◆ **EXERCISE DIRECTIONS**:
Every line from the one holding "In der hell" through the one holding "反反复复吃的店!!真的很香🤤 这次生滚烫米线系列全国上新啦!! 已经迫不及待过来尝鲜了!!" in the data below must be returned exactly, both ends included, with pictures left out and nothing else added.

◆ **AVAILABLE DATA**:
:::
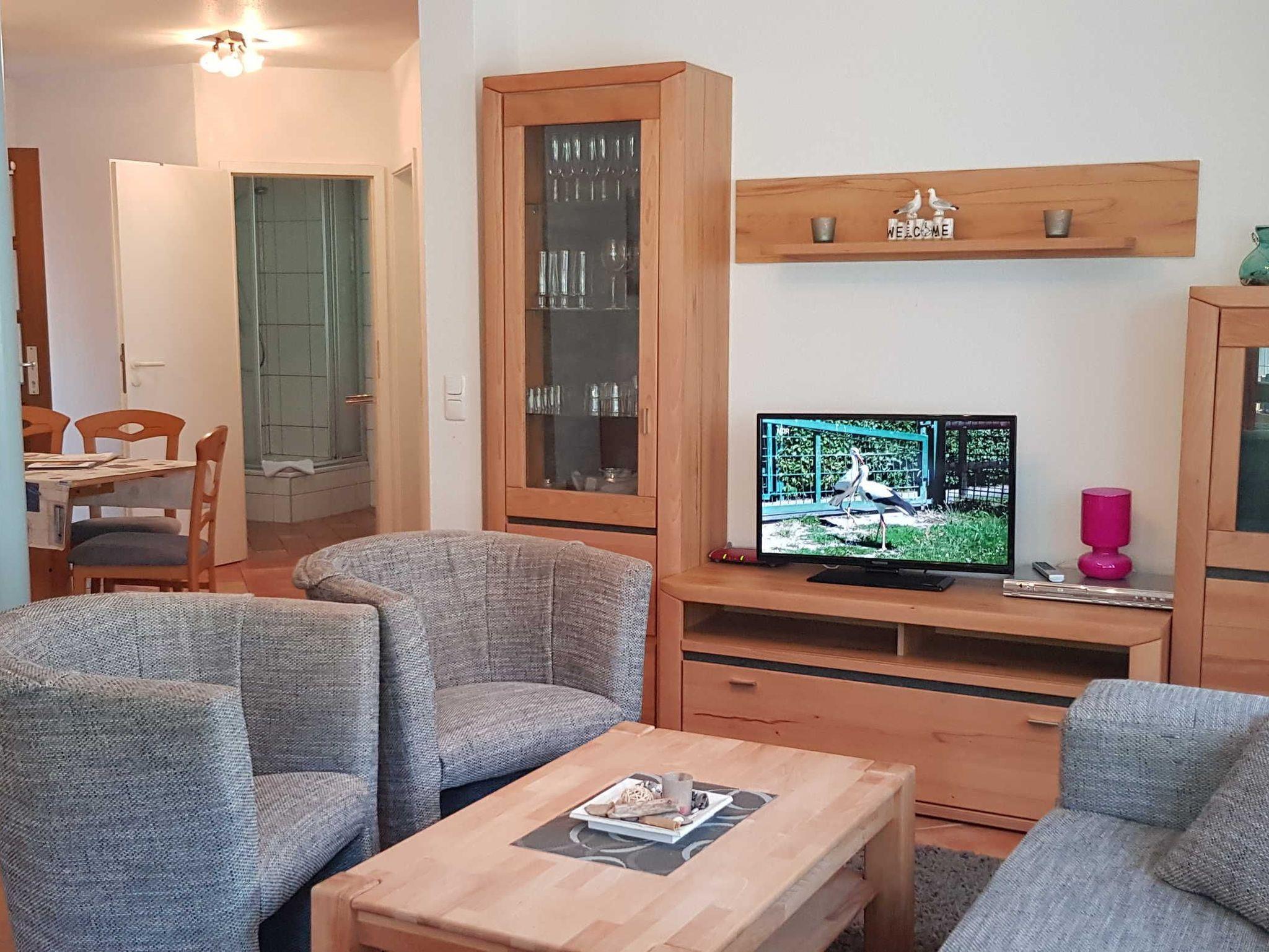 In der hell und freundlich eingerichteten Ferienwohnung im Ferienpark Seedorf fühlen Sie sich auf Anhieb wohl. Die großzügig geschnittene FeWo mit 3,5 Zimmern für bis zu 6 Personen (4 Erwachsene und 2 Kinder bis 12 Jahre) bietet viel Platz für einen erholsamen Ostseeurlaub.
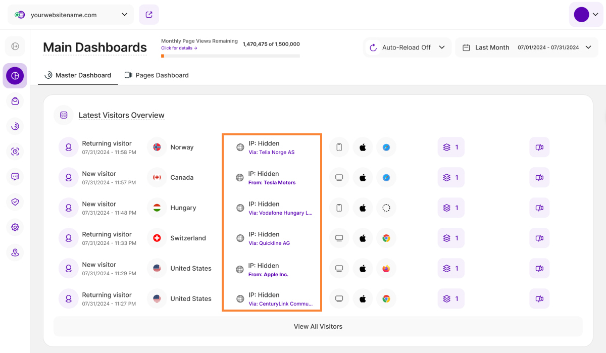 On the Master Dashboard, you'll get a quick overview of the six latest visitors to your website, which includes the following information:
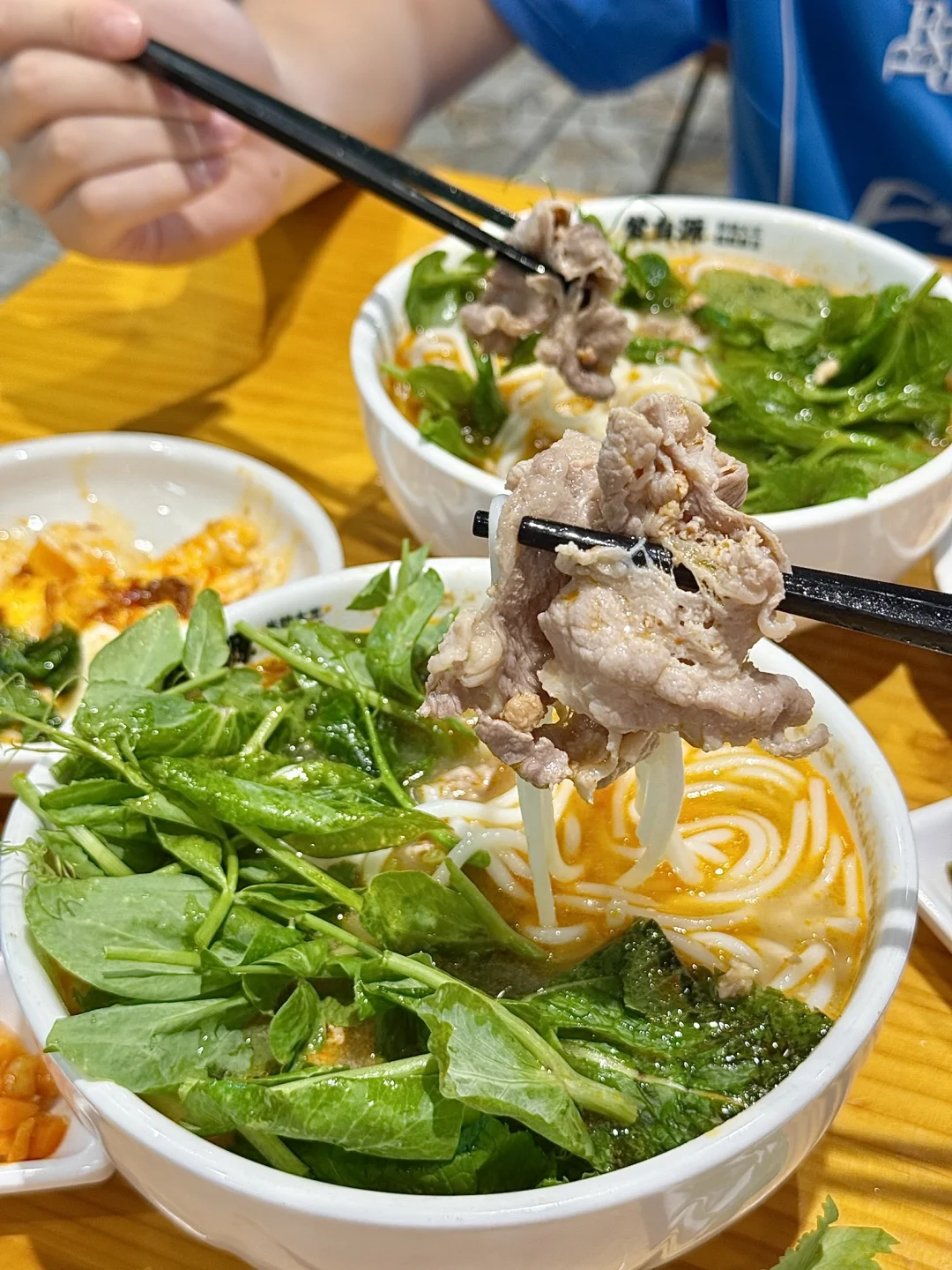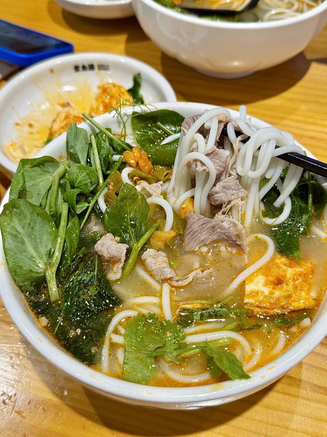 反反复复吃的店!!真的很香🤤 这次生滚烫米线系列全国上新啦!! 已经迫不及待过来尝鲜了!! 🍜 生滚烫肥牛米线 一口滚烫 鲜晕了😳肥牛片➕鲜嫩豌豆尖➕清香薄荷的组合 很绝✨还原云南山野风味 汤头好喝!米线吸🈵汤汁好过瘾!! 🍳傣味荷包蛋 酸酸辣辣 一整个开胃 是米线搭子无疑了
:::
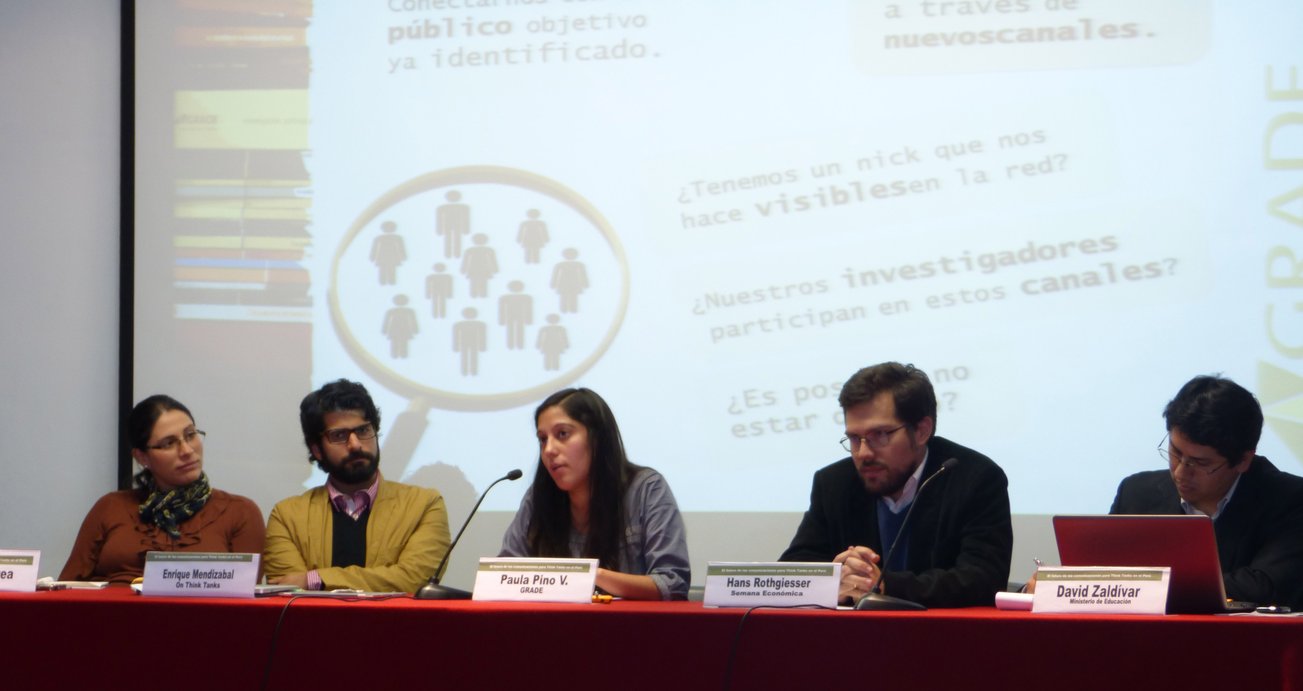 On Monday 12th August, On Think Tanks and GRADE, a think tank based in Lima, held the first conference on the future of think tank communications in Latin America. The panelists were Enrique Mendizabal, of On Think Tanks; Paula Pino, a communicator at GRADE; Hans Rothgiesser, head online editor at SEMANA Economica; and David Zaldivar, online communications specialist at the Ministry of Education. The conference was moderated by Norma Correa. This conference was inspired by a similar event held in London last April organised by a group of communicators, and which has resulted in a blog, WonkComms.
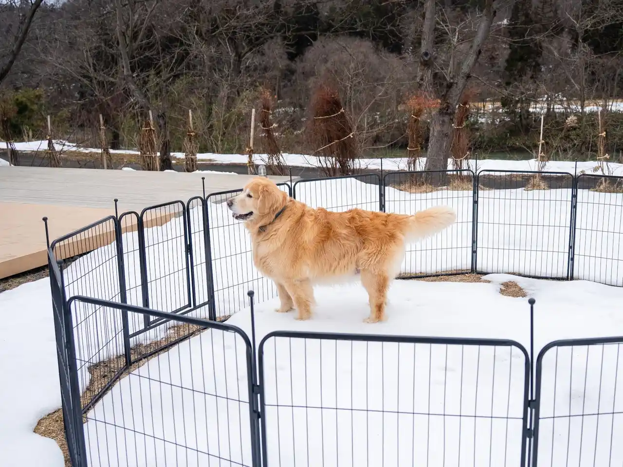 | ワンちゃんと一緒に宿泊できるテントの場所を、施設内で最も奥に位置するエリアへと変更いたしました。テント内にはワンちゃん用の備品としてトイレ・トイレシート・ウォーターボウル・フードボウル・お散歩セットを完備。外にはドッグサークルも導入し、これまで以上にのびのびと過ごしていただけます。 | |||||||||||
:::
◆ **ANSWER SECTION**:
 In der hell und freundlich eingerichteten Ferienwohnung im Ferienpark Seedorf fühlen Sie sich auf Anhieb wohl. Die großzügig geschnittene FeWo mit 3,5 Zimmern für bis zu 6 Personen (4 Erwachsene und 2 Kinder bis 12 Jahre) bietet viel Platz für einen erholsamen Ostseeurlaub.
 On the Master Dashboard, you'll get a quick overview of the six latest visitors to your website, which includes the following information:
 反反复复吃的店!!真的很香🤤 这次生滚烫米线系列全国上新啦!! 已经迫不及待过来尝鲜了!! 🍜 生滚烫肥牛米线 一口滚烫 鲜晕了😳肥牛片➕鲜嫩豌豆尖➕清香薄荷的组合 很绝✨还原云南山野风味 汤头好喝!米线吸🈵汤汁好过瘾!! 🍳傣味荷包蛋 酸酸辣辣 一整个开胃 是米线搭子无疑了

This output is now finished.